Response Predicts Quality of Life
An early study addressed the quality of life of women with metastatic breast cancer using a linear analogue self-assessment scale. This study compared the quality of life of women with metastatic breast cancer randomized to receive hormonal therapy versus combination chemotherapy with cyclophosphamide (Cytoxan, Neosar), doxorubicin (Adriamycin), 5-fluorouracil (5-FU) and vincristine (Oncovin). A total of 25 parameters of quality of life were measured, and, as expected, patients receiving cytotoxic therapy experienced more alopecia, nausea, vomiting, and constipation than those treated with hormonal maneuvers. However, there was a trend toward improved well-being in patients receiving cytotoxic therapy that became statistically significant by week 11 of therapy.

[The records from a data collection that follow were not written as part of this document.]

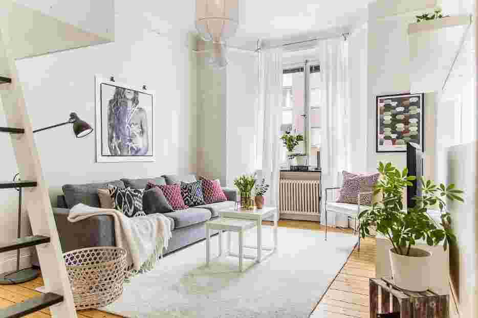 Скандинавский стиль гостиной приемлет строгость формы и нейтральность цвета, однако в то же время такие интерьеры выглядят уютно и комфортно. На первом плане всегда мебель, декор играет второстепенную роль.
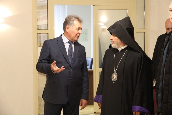 Сегодня, 19 октября, в Парламентском центре Алтайского края прошла встреча председателя Алтайского краевого Законодательного Собрания Александра Романенко с чрезвычайным и полномочным послом Республики Армения в Российской Федерации Варданом Тоганяном. Участие в мероприятие также принимали глава Российской и Ново-Нахичеванской епархии армянской апостольской церкви архиепископ Езрас, врио заместителя Председателя Правительства - руководителя Администрации Губернатора и Правительства Алтайского края Виталий Снесарь, председатель краевой общественной организации «Армянский культурный центр» Мхитар Ароян.
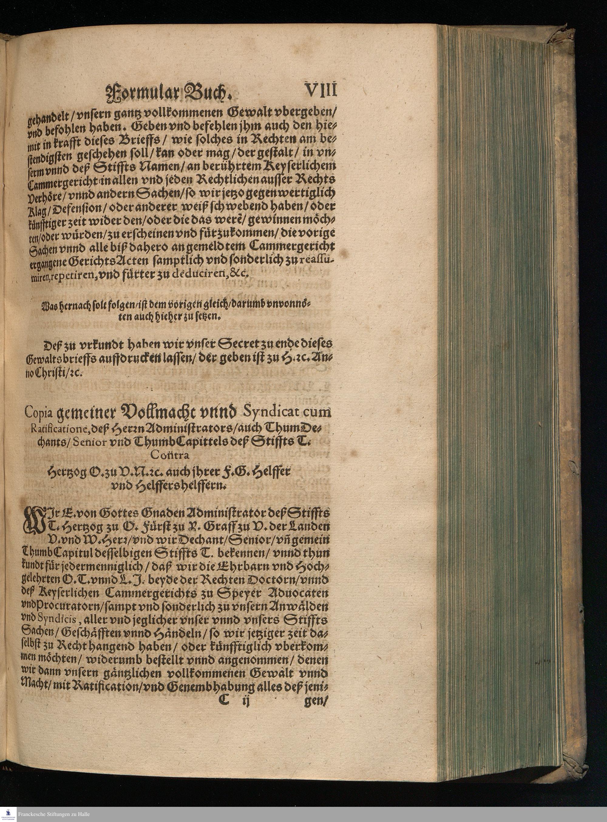 Formular || Allerley Gewaldten/ Tuto=||rien/ Curatorien/ Actorien/ so im Hochlöb=||lichen Keyserlichen Cammergericht eyngebracht: Jetzt || aber ... ordentlich zu=||sammen getragen.|| Durch || Den Ehrentvesten vnd Hochgelehrten Herrn || Nicolaum Cisnerum, beyder Rechten Doctorn/ Vnnd || weyland deß Keyserlichen Cammerge=||richts Assessorn/ #[et]c.|| ... ||

This study was initiated prior to the availability of reliable hormone receptor determinations that would have selected a cohort of women who are likely to respond to hormonal therapy (Table 2). Thus, the objective response rate was higher in the cytotoxic therapy group. The improved well-being with cytotoxic therapy was related to the achievement of an objective response. Thus, achievement of an objective response appears to be a strong predictor of quality of life despite the acute toxicity of cytotoxic therapy.
A trial in women with metastatic breast cancer compared treatment with continuous versus intermittent CMF plus prednisone or doxorubicin plus cyclophosphamide chemotherapy. Patients in the continuous arm received chemotherapy until progression of disease, while those in the intermittent arm received three cycles of chemotherapy and then received additional chemotherapy only at the time of progression. Continuous chemotherapy was associated with higher rates of response and superior time to progression. There was a trend toward superior survival with continuous treatment. Surprisingly, both patient and physician assessments of patient quality of life were superior for those patients receiving continuous therapy. This confirms findings from the earlier study of Baum et al that response is associated with improved quality of life.

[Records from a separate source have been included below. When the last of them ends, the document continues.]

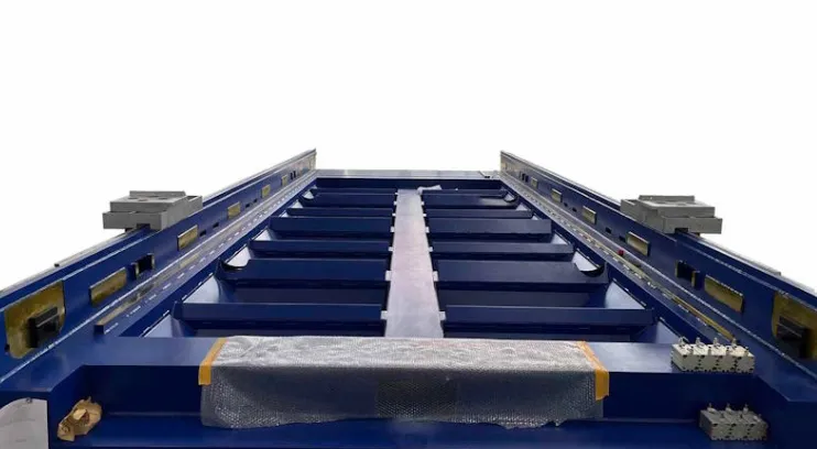 The laser machine is designed with interchangeable working beds for efficient loading and unloading during the cutting process.
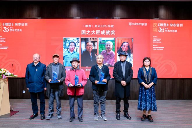 《雕塑》杂志社主编朱尚熹介绍了“《雕塑》杂志2024年度‘国之大匠成就奖’”的评选情况。颁奖环节中,吴为山、曹春生、朱炳仁、比利·李等十位代表获得“特殊贡献奖”;“2024年度奖”涵盖公共艺术、原创雕塑、泛雕塑艺术等六个类别,刘远长、郭宝寨、宋培伦等艺术家荣获“国之大匠成就奖”。
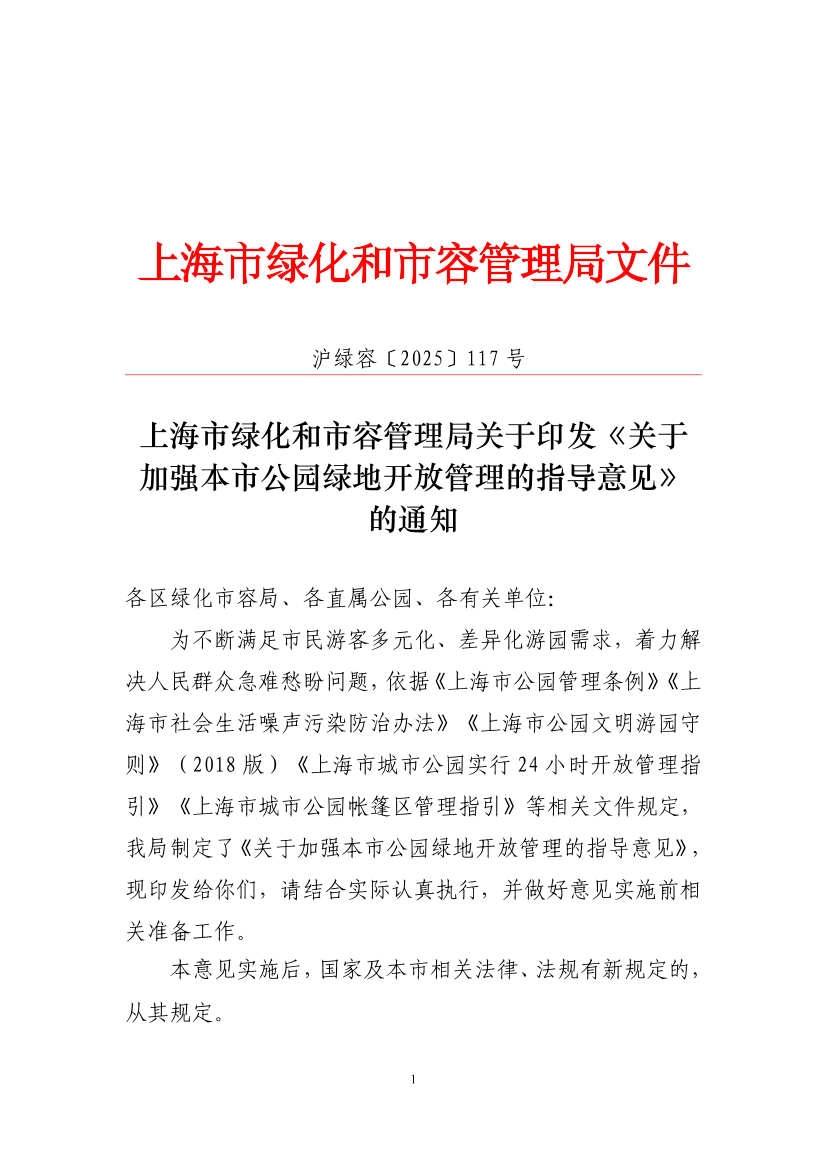 为不断满足市民游客多元化、差异化游园需求,着力解决人民群众急难愁盼问题,依据《上海市公园管理条例》《上海市社会生活噪声污染防治办法》《上海市公园文明游园守则》(2018 版)《上海市城市公园实行 24 小时开放管理指引》《上海市城市公园帐篷区管理指引》等相关文件规定,我局制定了《关于加强本市公园绿地开放管理的指导意见》,现印发给你们,请结合实际认真执行,并做好意见实施前相关准备工作。
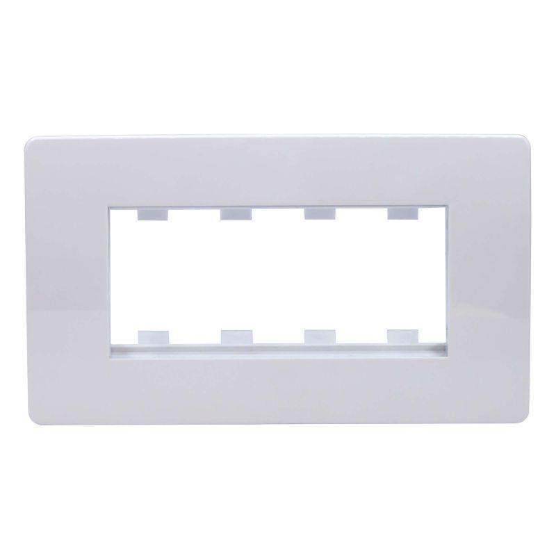 Каркас в сборе с рамками под 4 модуля электроустановочных изделий "Viva". Назначение: организация рабочего места. Условия монтажа: электроустановочное изделие серии "Viva" монтируется в каркас защелкиванием; каркас в коробку монтируется саморезом; рамка на каркас – защелкиванием. Характеристики: материал – АБС-пластик. Комплектация: каркас; рамка. Цвет белый
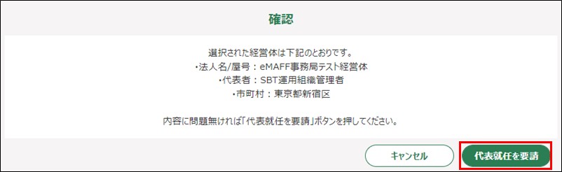 5.以下の確認メッセージが表示されます。内容を確認のうえ、「代表就任を要請」ボタンをクリックします。
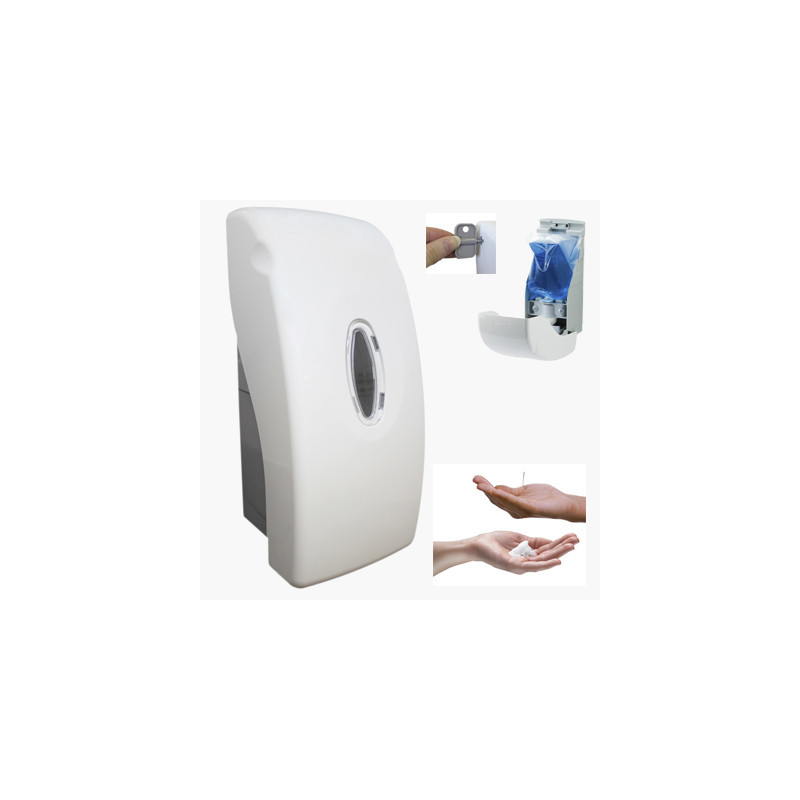 Dispensador de gel hidroalcohólico con activación mecánica con el pie.

Another trial incorporating a quality-of-life assessment compared two dose levels of CMF in patients with metastatic breast cancer. Higher dose CMF compared with lower dose CMF was associated with improved rates of response, improved median survival, and more vomiting, myelosuppression, conjunctivitis, and alopecia. The quality of life assessment demonstrated similar scores for both the higher and lower dose CMF regimens, although most scores favored the higher dose regimen. Thus, the higher dose CMF regimen appeared to produce superior palliation compared with the lower dose CMF regimen.